Kegiatan manusia secara langsung dapat menyebabkan bencana kematian di terumbu melalui penggalian dan pencemaran (Nybakken 1988). Berdasarkan analisis Burke, dkk. (2002) 25% kerusakan terumbu karang diakibatkan oleh pembangunan pesisir, 7% diakibatkan oleh pencemaran, 21% diakibatkan oleh sedimentasi, 64% akibat penangkapan yang berlebihan, 54% akibat penangkapan ikan dengan melakukan pengrusakan, 18% diakibatkan oleh pemutihan terumbu karang.

Penyakit yang biasanya menyerang karang disebut sebagai White band disease dan Blank band disease atau penyakit gelang putih, ditandai dengan memutihnya sebagian koloni terumbu.
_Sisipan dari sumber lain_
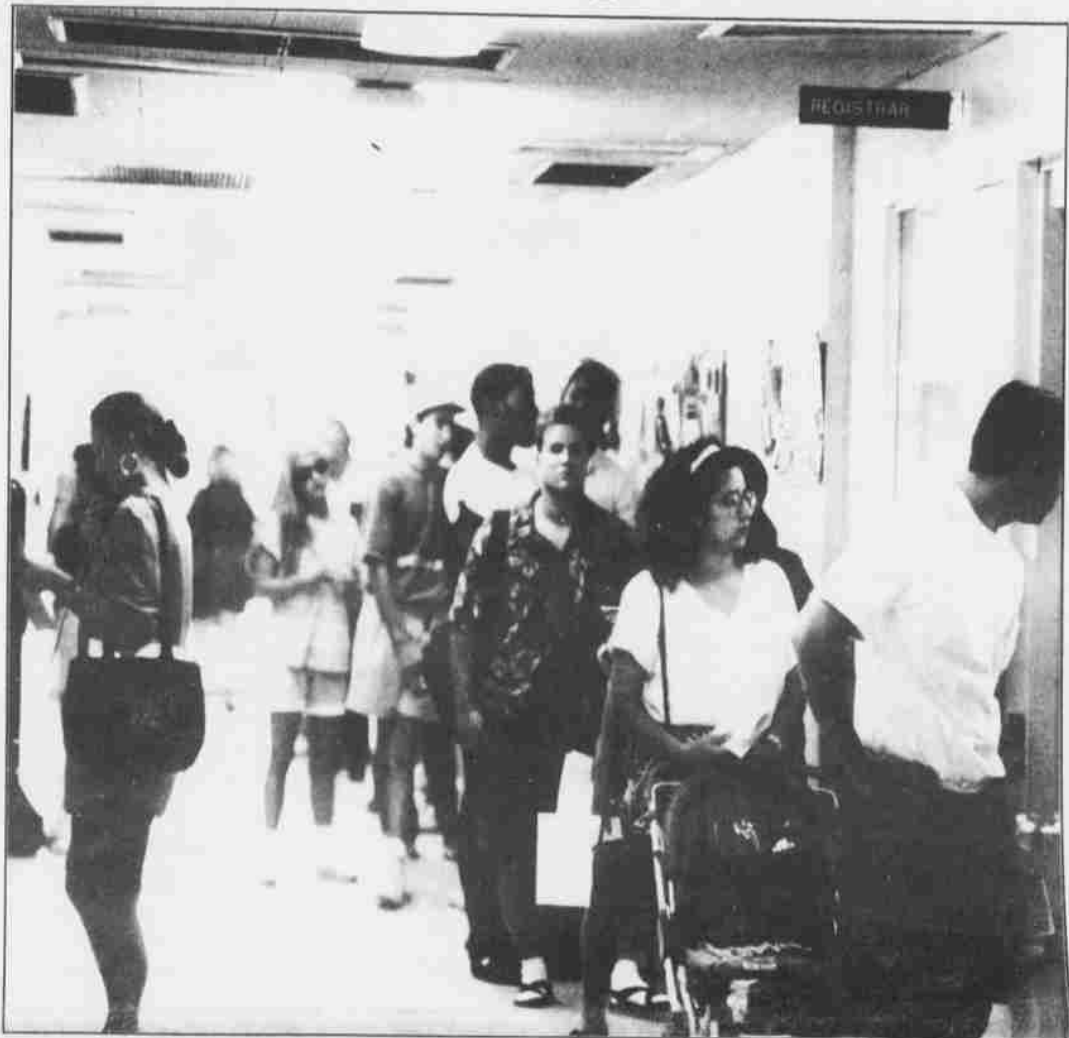
Students play the waiting game during late registration last week.

Hal ini disebabkan oleh serangan bakteri. Penyakit yang disebabkan oleh bakteri dipicu oleh kondisi lingkungan yang tidak normal seperti pencemaran dan kenaikan suhu air laut (Akmal 2002).

Beban nutrient yang berlebihan menyebabkan berkembangnya alga secara berlebihan (eutrofikasi) sehingga dapat menutupi dan membunuh organisme coral atau timbulnya blooming dari fitoplakton (Dahuri, dkk 2004) Akmal (2002) mengungkapkan hubungan antara pemanasan global, penipisan ozon dan terumbu karang mengakibatkan tingkat karbondioksida meningkat secara kimiawi akan menghambat pertumbuhan bunga karang oleh polip-polip. Perubahan suhu menimbulkan pemutihan karang pada musim panas.